Ranata turned her head and regarded him intently. “If I did not know you so well through my intimacy with Alexandra,” she said, “I should find it difficult to believe that patriotism with you was a consuming passion. You have so much carelessness, boyishness, in your manner—and—you are so practical!”
“If I tore about like a raging bull I might accomplish notoriety, but I certainly should accomplish nothing else. And the secret of the failure of the ‘reformers’ of the United States is that they have the ideals and the political bosses have the sense.”

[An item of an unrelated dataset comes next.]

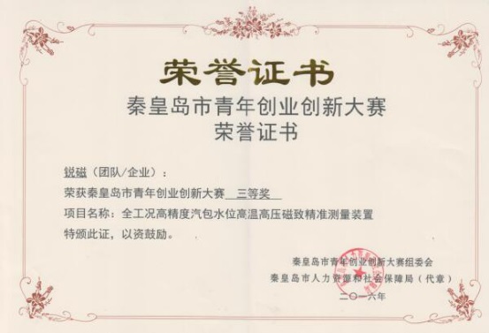 為給用戶提供更好的產(chǎn)品和服務(wù),華電測(cè)控始終致力于產(chǎn)品的研發(fā)和創(chuàng)新。早在2016年5月,公司組建“銳磁”和“新媒體”兩個(gè)團(tuán)隊(duì)參加秦皇島市青年創(chuàng)業(yè)創(chuàng)新大賽,其中“銳磁”團(tuán)隊(duì)的參賽項(xiàng)目為《全工況高精度汽包水位高溫高壓磁致精準(zhǔn)測(cè)量裝置》,“新媒體”團(tuán)隊(duì)的參賽項(xiàng)目為《煤倉(cāng)綜合管理系統(tǒng)》,經(jīng)過(guò)不斷開(kāi)拓創(chuàng)新,兩個(gè)項(xiàng)目先后在市級(jí)、省級(jí)及國(guó)家級(jí)的比賽中連獲殊榮?!度r高精度汽包水位高溫高壓磁致精準(zhǔn)測(cè)量裝置》獲得秦皇島市青年創(chuàng)業(yè)創(chuàng)新大賽三等獎(jiǎng),第二屆“中國(guó)創(chuàng)翼”青年創(chuàng)業(yè)創(chuàng)新大賽高端設(shè)備制造類項(xiàng)“金翼獎(jiǎng)”;《煤倉(cāng)綜合管理系統(tǒng)》獲得秦皇島市青年創(chuàng)業(yè)創(chuàng)新大賽三等獎(jiǎng),河北省青年創(chuàng)業(yè)創(chuàng)新大賽三等獎(jiǎng),第二屆“中國(guó)創(chuàng)翼”青年創(chuàng)業(yè)創(chuàng)新大賽高端設(shè)備制造類項(xiàng)“銀翼獎(jiǎng)”。
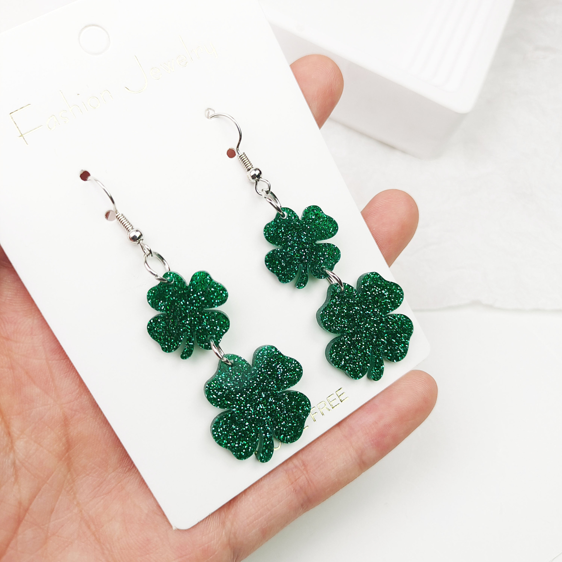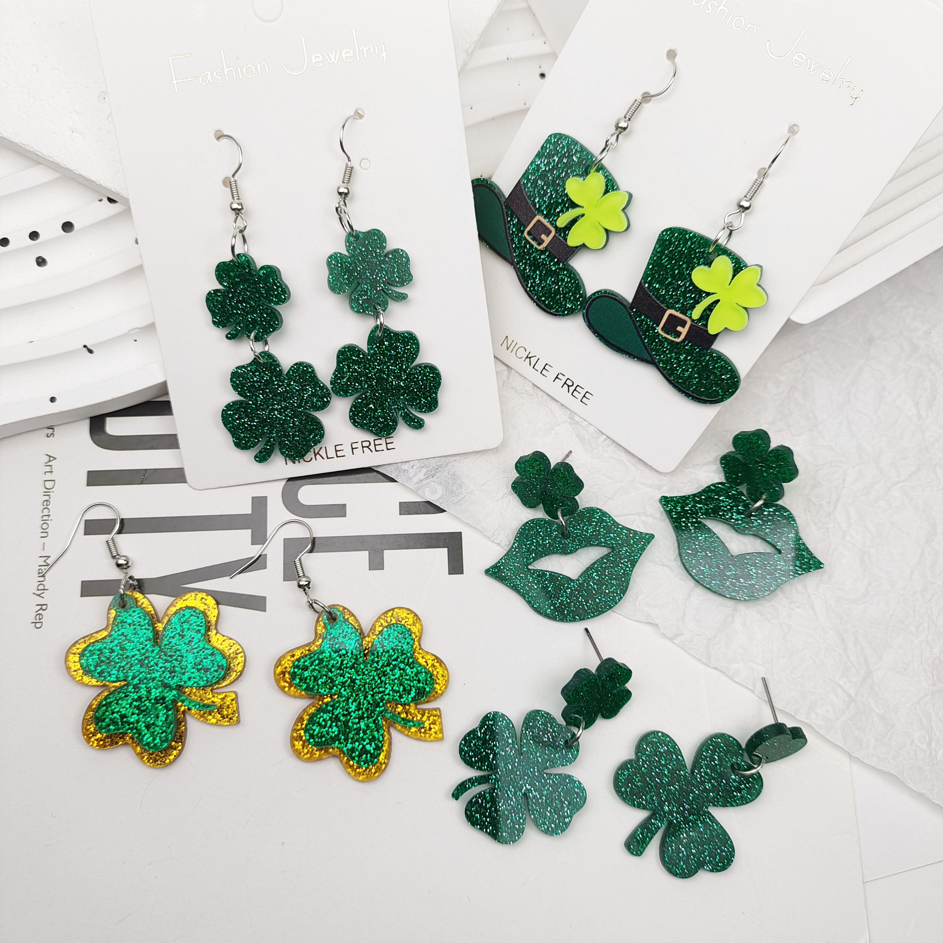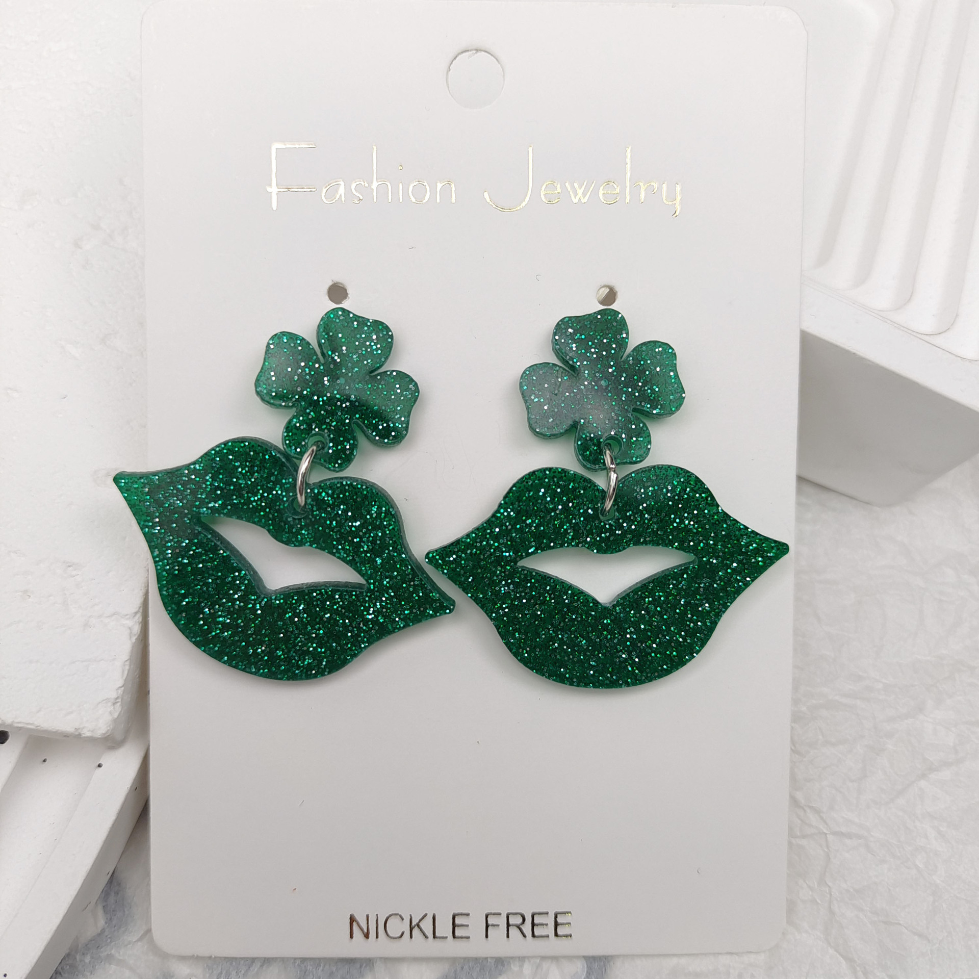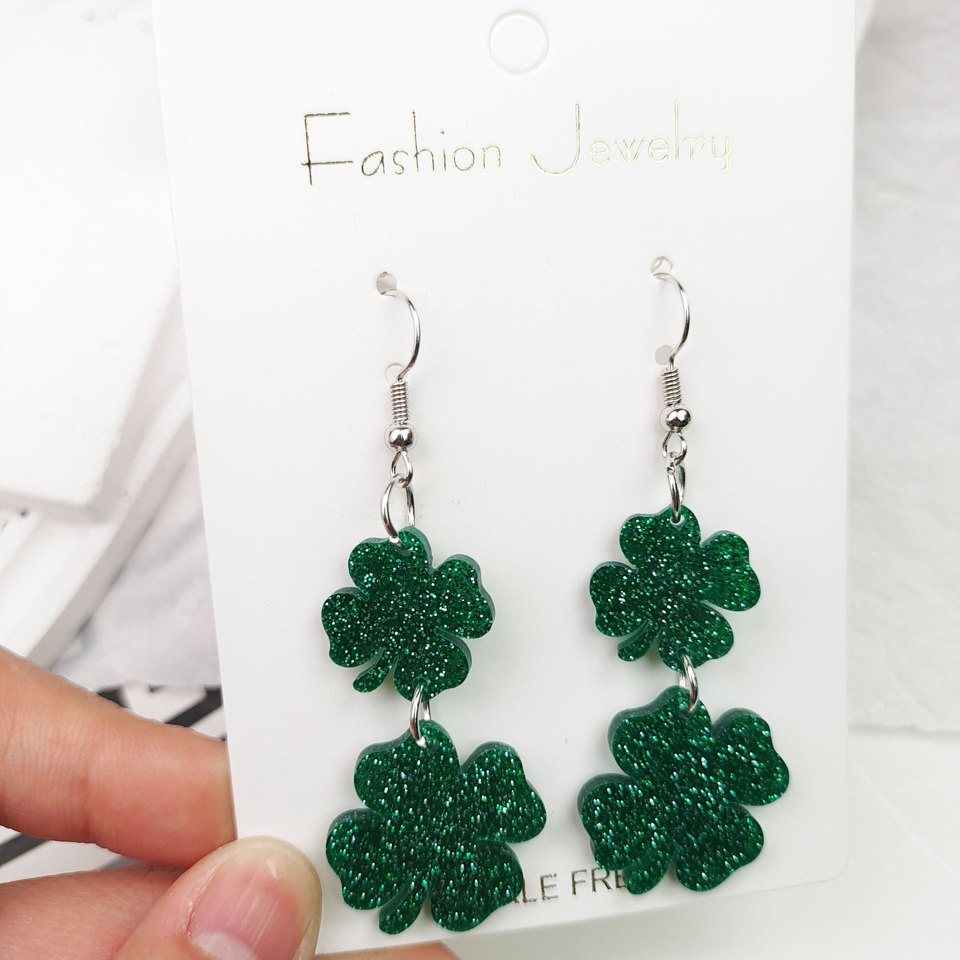 Креативные новые серьги ко Дню Святого Паркера, отличительные Зеленые простые акриловые блестящие серьги на счастливой траве, женские серьги

She asked irresistibly, “If it ever came to a choice between your country and a woman, what would be the result?”
“No such question will ever arise.”
“No?”
“Certainly not. Do you think so meanly of my resources as that?”
“But circumstances are sometimes stronger than men.”
“Some men.”
Ranata had let her arm drop to her side; her hand was not an inch from Fessenden’s. Both were acutely aware of the magnetic temptation of that nearness; for a second all their being seemed to have surged into their finger-tips. Fessenden’s curved rigidly inward. His brain was still in control, and he was accustomed to play a careful and far-seeing game. Her hand fluttered towards his; then she swung about abruptly.
“Why don’t you sit in your rocking-chair?” she asked with a nervous laugh. “I must turn you out directly; it is nearly time to dress.”
Fessenden marched to the chair, and rocked himself for twenty minutes with every appearance of content. Alexandra came in from the next room, and they talked of the ball of the following night and of other impersonal things. The peasants had come and were housed, and a remarkable band of gypsies had been found in Transylvania. Fessenden, who was dining in Pest, rose regretfully at seven.
He smiled down upon Ranata and shook her handslightly. “Can I come up here again?” he asked. “I like it much better than any other part of the palace.”
“Perhaps,” said Ranata, smiling, but angry at the quick response within her to the warm and personal attitude of the lordly male. “You have had your own way too much. I think you need disciplining.”
Alexandra was retiring through the outer room. Fessenden raised the hand he held and pressed his lips to it twice quickly. “I am humblest of your slaves,” he said unsteadily.
“No you are not!” replied Ranata almost as unsteadily. “And I wish you would go. I have never been late for dinner in my life.”
When she was alone she turned her eyes to the rocking-chair; then, after a manifest effort in another direction, she moved slowly towards it, regarded it impatiently, tenderly, then sank slowly into its embrace and dropped her head against the cushion.